Я никогда раньше не была в трейлере и удивилась тому, как сильно он мне понравился. Прежде всего, он был в нескольких шагах от пляжа. Во-вторых, зимой мы с Китом были едва ли не единственными жильцами парка. Трейлеры обычно снимались на лето, и все же наши были уютными и теплыми. И казались настоящим домом. Не таким, как с фундаментом. Особенно потому, что стояли на возвышениях на случай наводнения и не выглядели так, будто опрокинутся при очередном норд-осте. Правда, комнаты были маленькими, хотя не меньше, чем в том доме, который я снимала около Кэмп-Лежен.

Но самое главное, трейлер находился в нескольких милях от Си-Тендер и Джейми.

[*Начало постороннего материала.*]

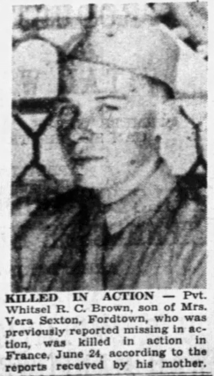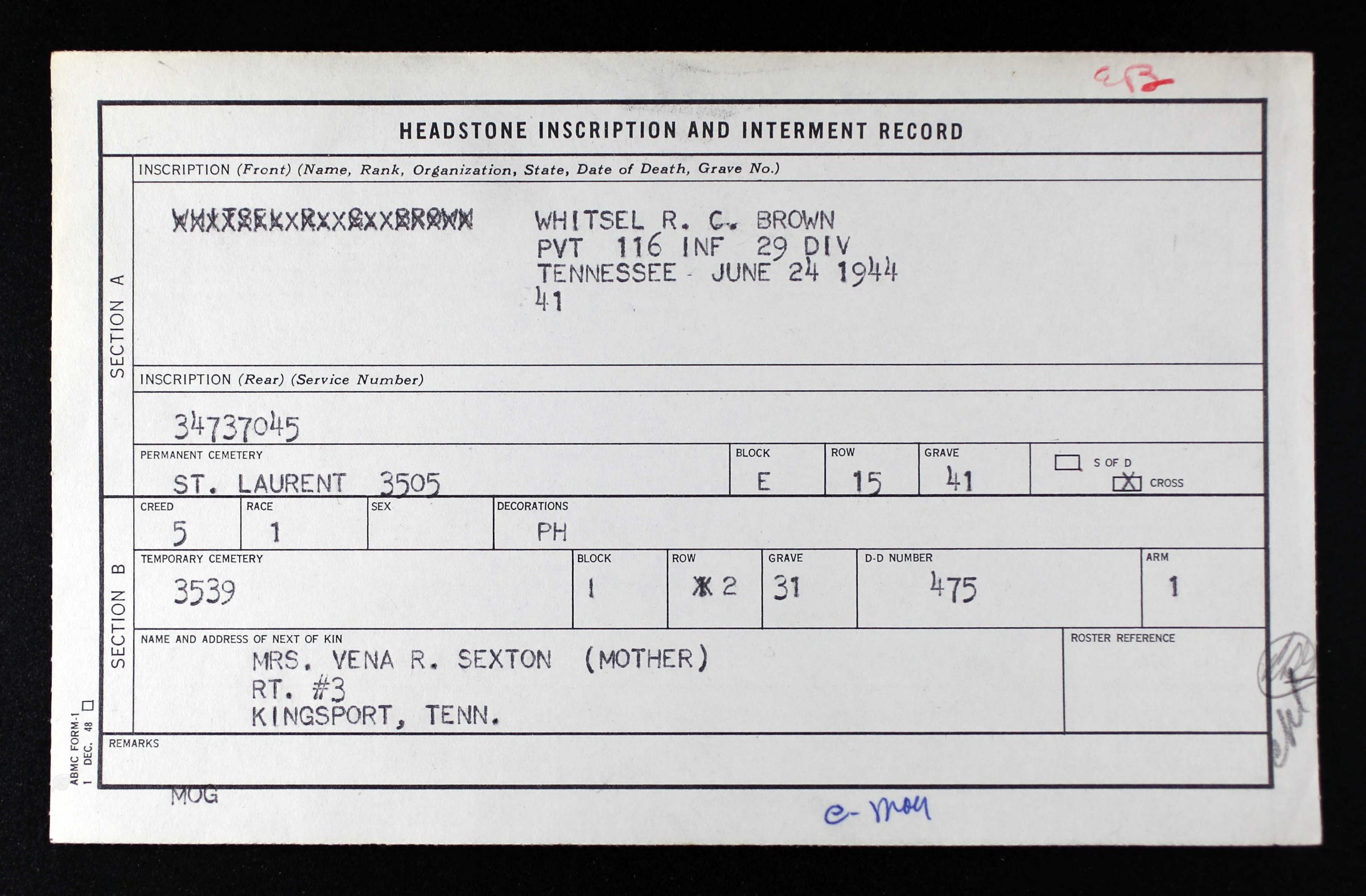 Private Whitsel R. C. Brown was assigned to the 116th Infantry Regiment, 29th Infantry Division. The 116th landed on Omaha Beach on the 6th of June and was the first unit to reach the bluffs beyond the beach. It then began a slow battle through the Bocage of the Normandy countryside. Private Brown was killed in action on 24th of June 1944 and is interred at E,15,41, Normandy American Cemetery, Colleville-sur-Mer, France.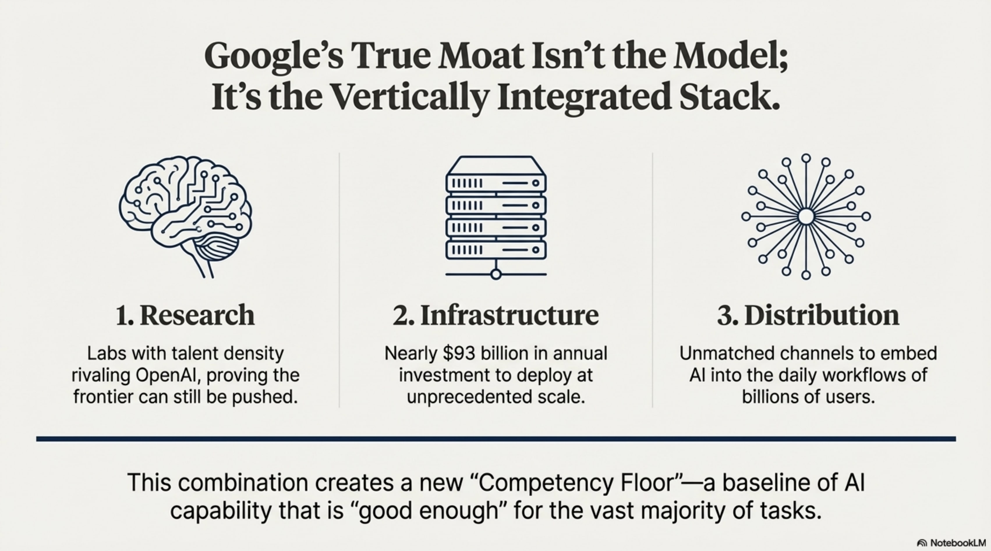 Google commands three fronts simultaneously: (1) research labs rivalling OpenAI’s talent density, (2) infrastructure investment approaching $93 billion annually, and – most crucially – (3) distribution channels no startup can replicate.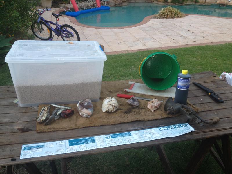 Another thing that my limited local knowledge and experience had suggested, and following a number of posts, was the importance of burley. It is not something I had routinely used fishing the beaches and running rivers but I could see the real need for it in the reef environments off Perth Metro. So, it was off to Nana’s to see if she still had one of those old style mincers (the cast iron ones that you anchor to a bench and they can just about mince anything with a bit of elbow grease). Hooray, I could get one and it is now a much loved item of my ever growing fishing equipment. The burley making however is not a much loved event of the family as I do it out the back and let’s just say it creates the odd impact or two on the local amenity in the way of air quality.

Джейми не только «отдал» мне трейлер и выплачивал две тысячи долларов в месяц, но и рассказал о своих планах на будущее для меня и Кита. Он собирался «сделать распоряжения».

– Я хочу удостовериться, что о Ките позаботятся на случай, если что-то случится со мной, – сказал он, когда помогал переносить мои вещи в трейлер.

Мне следовало спросить, что это значит. Следовало поторопить его сделать эти самые распоряжения. Но тогда я просто рассмеялась.

– Ничего с тобой не случится, – заверила я с тем чувством полнейшего бессмертия, которое можно обрести только в двадцать с лишним лет.

Я ожидала, что месяцы, проведенные Лорел в реабилитационной клинике, когда Джейми остался один, будут сплошным блаженством. Но, хотя мы часто виделись, он был целиком поглощен прогрессом в ее лечении и малышом, которого ему даже не было позволено посещать. Он любил нашего милого сына, но знал, что Кит в безопасности, что его обожают, а его второй сын – один в приюте.

Лорел вышла из клиники в четверг, но меня пригласили к Локвудам только на следующий вторник. Это были очень одинокие несколько дней. Я вдруг ощутила, что Джейми словно выбросил меня и Кита из своей жизни. Во вторник, подъезжая к Си-Тендер и поднимая Кита с детского кресла, я старалась не испытывать горечи. Поэтому изобразила улыбку.